* THE DATA:
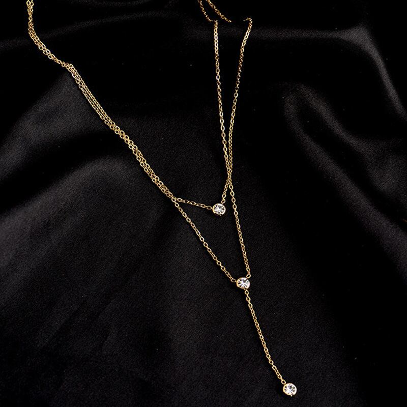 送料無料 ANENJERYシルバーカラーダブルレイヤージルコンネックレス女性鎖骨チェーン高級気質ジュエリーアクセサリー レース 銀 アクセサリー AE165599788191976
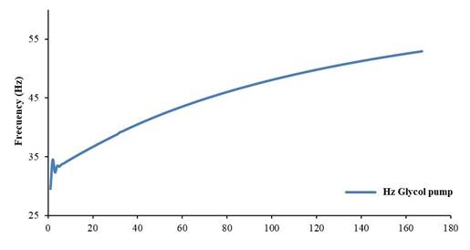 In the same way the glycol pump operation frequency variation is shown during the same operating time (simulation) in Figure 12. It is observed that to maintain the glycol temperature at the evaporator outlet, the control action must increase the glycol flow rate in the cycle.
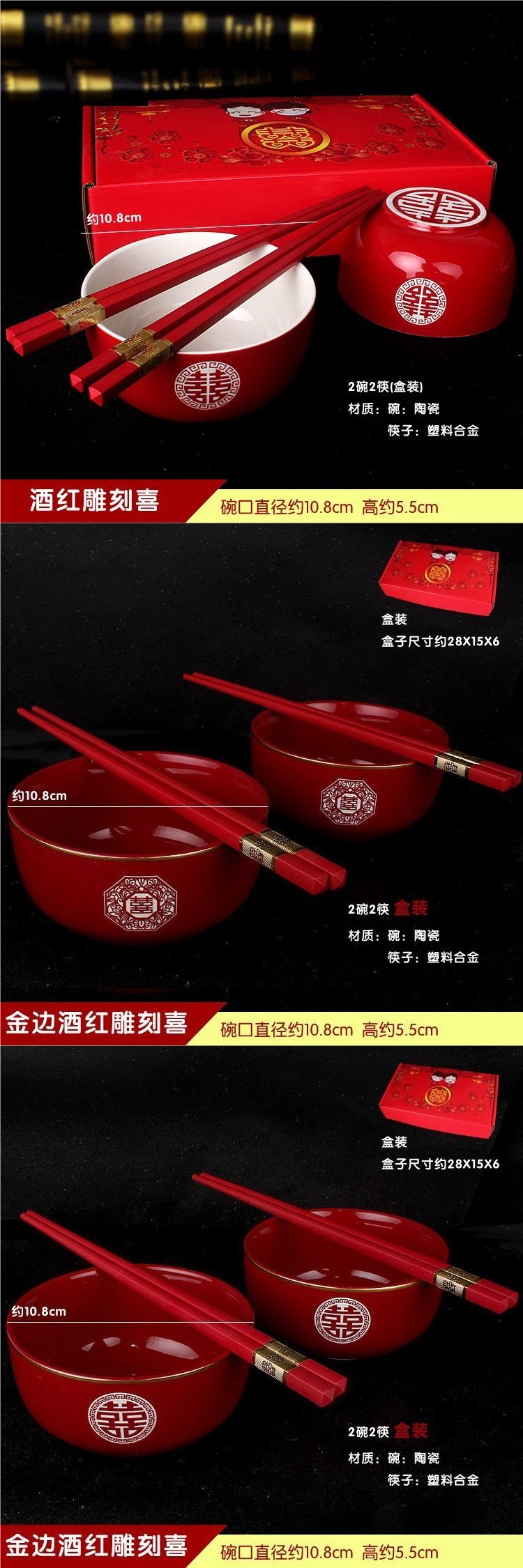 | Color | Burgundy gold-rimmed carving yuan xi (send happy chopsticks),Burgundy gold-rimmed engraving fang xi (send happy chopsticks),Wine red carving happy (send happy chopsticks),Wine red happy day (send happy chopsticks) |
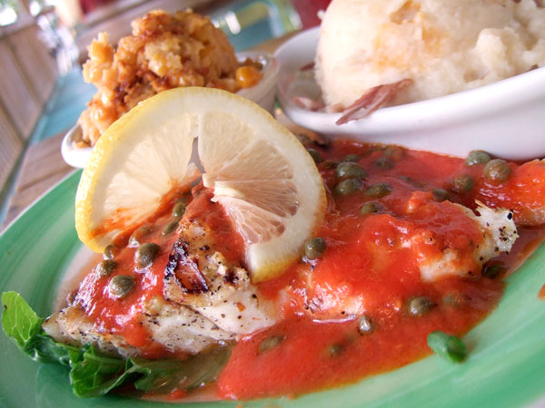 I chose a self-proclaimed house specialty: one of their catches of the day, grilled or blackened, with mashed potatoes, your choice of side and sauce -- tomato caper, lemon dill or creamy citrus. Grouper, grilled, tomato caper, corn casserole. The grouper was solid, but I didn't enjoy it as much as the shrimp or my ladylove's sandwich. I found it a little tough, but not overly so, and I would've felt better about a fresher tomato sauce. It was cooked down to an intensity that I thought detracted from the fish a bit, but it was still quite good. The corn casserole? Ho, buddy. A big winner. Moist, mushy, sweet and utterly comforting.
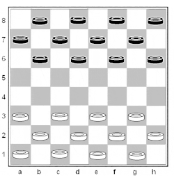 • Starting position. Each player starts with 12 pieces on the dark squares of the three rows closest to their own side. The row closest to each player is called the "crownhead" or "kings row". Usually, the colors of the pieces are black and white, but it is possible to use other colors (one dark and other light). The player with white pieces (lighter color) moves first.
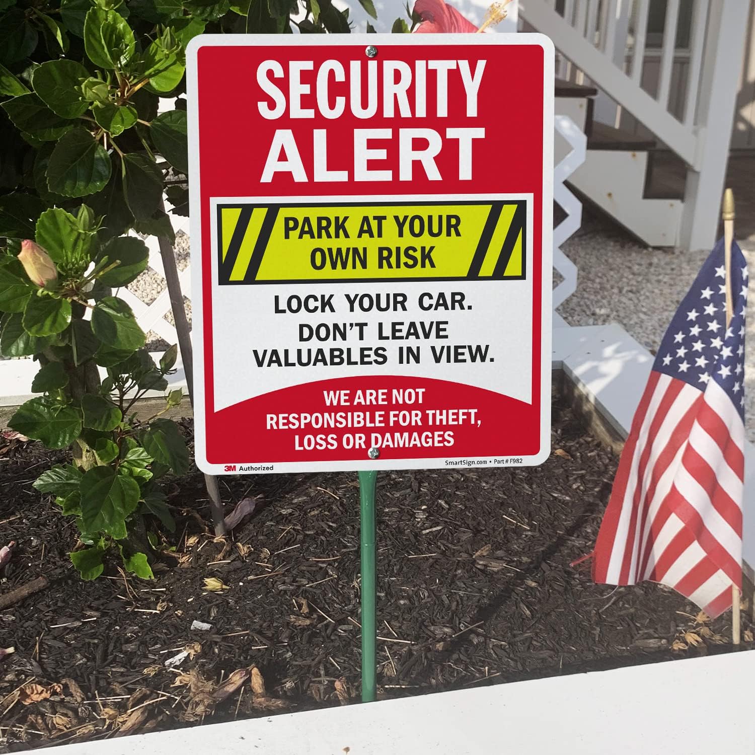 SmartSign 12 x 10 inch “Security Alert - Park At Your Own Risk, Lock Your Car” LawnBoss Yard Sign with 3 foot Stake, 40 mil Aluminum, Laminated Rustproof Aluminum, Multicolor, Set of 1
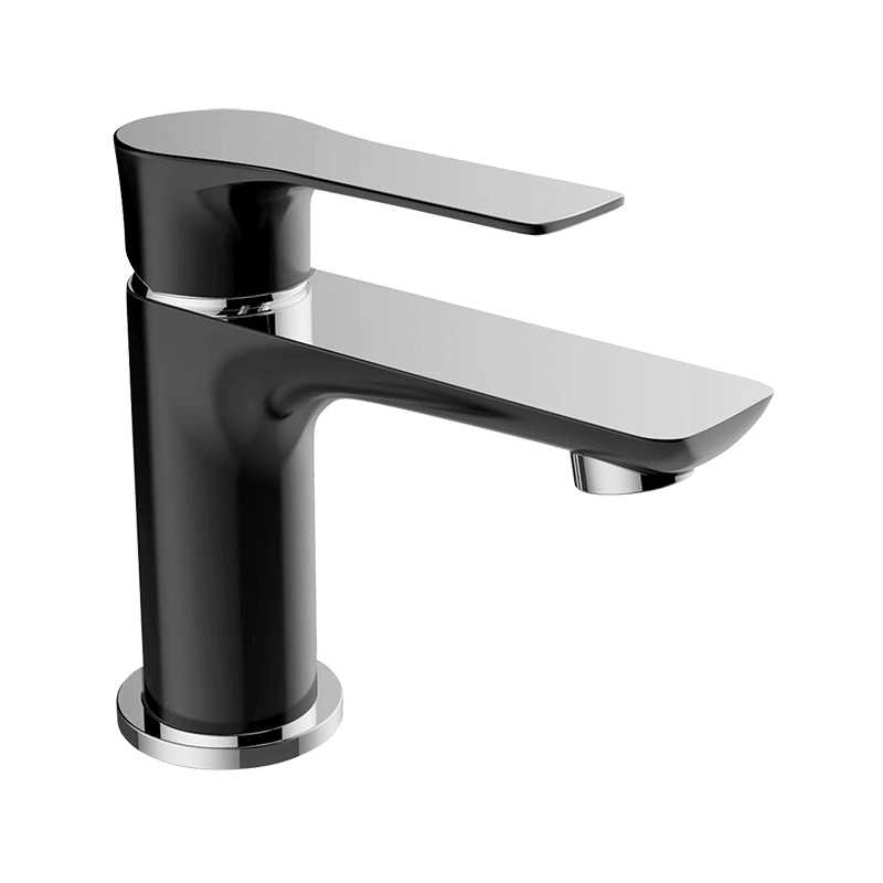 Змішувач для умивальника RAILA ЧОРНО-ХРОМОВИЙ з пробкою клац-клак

* INSTRUCTIONS FOR THE TASK: Reproduce the material above exactly, first line through the line that contains "happy chopsticks) |", minus the pictures.

* SOLVED PROBLEM:
 送料無料 ANENJERYシルバーカラーダブルレイヤージルコンネックレス女性鎖骨チェーン高級気質ジュエリーアクセサリー レース 銀 アクセサリー AE165599788191976
 In the same way the glycol pump operation frequency variation is shown during the same operating time (simulation) in Figure 12. It is observed that to maintain the glycol temperature at the evaporator outlet, the control action must increase the glycol flow rate in the cycle.
 | Color | Burgundy gold-rimmed carving yuan xi (send happy chopsticks),Burgundy gold-rimmed engraving fang xi (send happy chopsticks),Wine red carving happy (send happy chopsticks),Wine red happy day (send happy chopsticks) |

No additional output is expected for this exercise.